1. The Network Traffic Monitoring System
We built a network traffic monitoring system that executes continuous queries over 10 hosts in the database group’s network. A central coordinator is notified of the change of query answers continuously from the 10 hosts, and records the aggregation of the query answers.
At each host, the number of packets going through the network interface is counted, using TCPdump utility. There are 5 filters coded in the program that sort out different types of packets to answer 5 different queries. The 5 queries are:
Q1: Monitor the volume of traffic between hosts within the organization and external hosts.
Q2: Monitor the volume of incoming traffic received by all hosts within the organization.
Q3: Monitor the volume of incoming SYN packets received by all hosts within the organization.
Q4: Monitor the volume of outgoing DNS lookup requests originating from within the organization.
Q5: Monitor the volume of remote login (telnet, ssh, ftp, etc.) requests received by hosts within the organization that originate from external hosts.
The hosts update the query answers once every second. Using a one-minute moving window, we define the data object for each query answer as the average number of packets per second over the last 60 seconds at any time. Each query answer is therefore a continuously changing numerical data object.

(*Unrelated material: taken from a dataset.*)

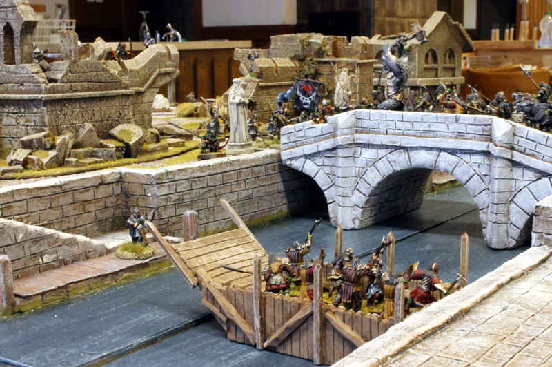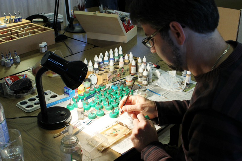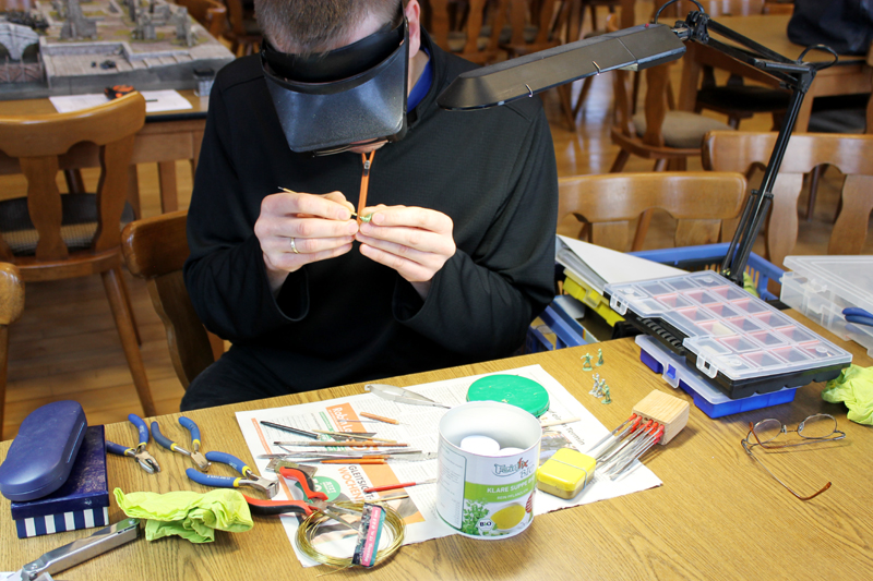 Das nunmehr 14. Symposium des Modellfiguren Forums ist am letzten Wochenende abgehalten worden. Wieder einmal gab es einiges zu sehen und zu hören. Hans-Karl brillierte erneut mit einem sehr unterhaltsamen und interessanten Vortrag. Es ging um die Recherche und Rekonstruktion eines Offiziers-Rockes der Französischen Armee zu Zeiten der Napoleonischen Kriege. Es war höchst spannend zu erfahren, welche Rolle Material, Schnitt und Arbeitsweise bei einem solchen Kleidungsstück spielten. Ganz abgesehen von den Mühen und der Zeit, die eine solch aufwendige Rekonstruktion mit sich bringen. Natürlich wurde wieder fleißig gemalt und modelliert. Die Ausstellung der Figuren und Dioramen war auch in diesem Jahr von sehr hoher Qualität. Eine große Rolle spielte, wie auch schon in den letzten Jahren, das Thema Wargamnig. Unter dem Motto Field of Glory durch alle Epochen gab es Szenarien zum Thema Alexander der Große, Kreuzzüge sowie der Napoleonischen Kriege. Nur die geplante Schlacht im 30-jährigen Krieg musste aufgrund von Zeitmangel ausfallen. Am Samstag konnte ich außerdem eine Armee Mordors ins Feld führen, mit der ich vergeblich versuchte die Ruinen von Osgiliath zu erobern. Eine weitere Lektion zum Thema Airbrush, sowie unzählige Gespräche zu neuen Projekten rundeten das Wochenende für mich ab. Leider war die Anzahl der Teilnehmer in diesem Jahr durch viele Absagen deutlich niedriger. Außerdem musste der geplante Museumsbesuch ausfallen…ich hoffe, das im nächsten Jahr wieder alle am Start sind und versäumtes nachgeholt werden kann.

Every second, the 10 hosts notify the central coordinator of query answers if there are changes. The central coordinator aggregates the queries answers from all hosts to obtain the overall query answers for the 5 queries.
2. The Data Approximation Algorithm
To reduce the communication cost between the central coordinator and the 10 hosts, an adaptive data approximation algorithm is implemented in the network traffic monitoring system. (Please refer to “Adaptive Filters for Continuous Queries over Distributed Data Streams” at http://dbpubs.stanford.edu:8090/pub/2002-55.)
For each query, the central coordinator is given a precision constraint C, which is a numerical number. At any time, the central coordinator is required to give an interval of width C that contains the precise data value of the answer to this query. I.e., if the precise query answer is V, the central coordinator gives [L, U] such that U – L = C and L <= V <= U. Based on some policy, the central coordinator divides the overall constraint C for a query over 10 hosts, and assigns constraint Ci to host i. (The sum of all Ci’s is C.) While host i keeps a precise data value Vi for its query answer, it only sends to the central coordinator an interval [Li, Ui] of width Ci that contains the precise data value Vi. Over time, as long as Vi remains within the old [Li, Ui] the host does not need to send the same interval to the central coordinator. Only when Vi moves out of the interval [Ui, Li] will the host update Ui and Li, and notify the central coordinator of the new [Li’, Ui’] that contains the new data value. Note that Ui’ – Li’ = Ci must still hold. Hence communication cost is reduced.
The central coordinator adaptively reassigns new constraint Ci’s to 10 hosts, according to the data-changing rates at different hosts. Intuitively, a data object with large fluctuation will be assigned a loose constraint, while a data object that varies within small boundary will be assigned a tight constraint. The sum of the constraints for a certain query at 10 hosts always remains the same. This policy ensures that the communication cost is reduced as much as possible.
To best capture the change of the intervals sent from the hosts, we use two parameters to represent an interval. The center is the midpoint between the lower bound and the upper bound of an interval, and is updated by the host. The width is the width of the interval, and is modified by the central coordinator. A (center, width) pair fully describes an interval for a data object.
3. Data Files
We ran our system for a few weeks, and collected and recorded the network traffic rate during this time.
We have a set of files, each containing the network traffic data within a day. Each time a host sent the central coordinator the new interval for a data object, a log record was written to the file by the central coordinator, specifying the host name, the query number, the interval, and the timestamp.
A record is of the following format:
Query-Host Interval Center Interval Width Timestamp
E.g., record
“Q2-5 0.083333 0.020000 5”
means at the fifth second of the day, host 5 sent to the central coordinator its query answers for Q2, and the interval has center 0.083333 and width 0.020000. We could conclude that the precise query answer lies between 0.073333 and 0.093333. To make it easier for later processing, upon each update from a host, we also update the aggregation of the query answer at the central coordinator. So right after the above record, we should see another record that looks something like
“Q2-all 0.533333 0.200000 5”,
which means the overall query answer for Q2 at the fifth second of the day was updated to lie between 0.433333 and 0.633333.
At the beginning of each file, we also included the starting time and ending time of the data contained in the file. So if a file started on “Jan 20, 2003 23:39”, timestamp n in a recorded should be interpreted as the n’th second starting from then.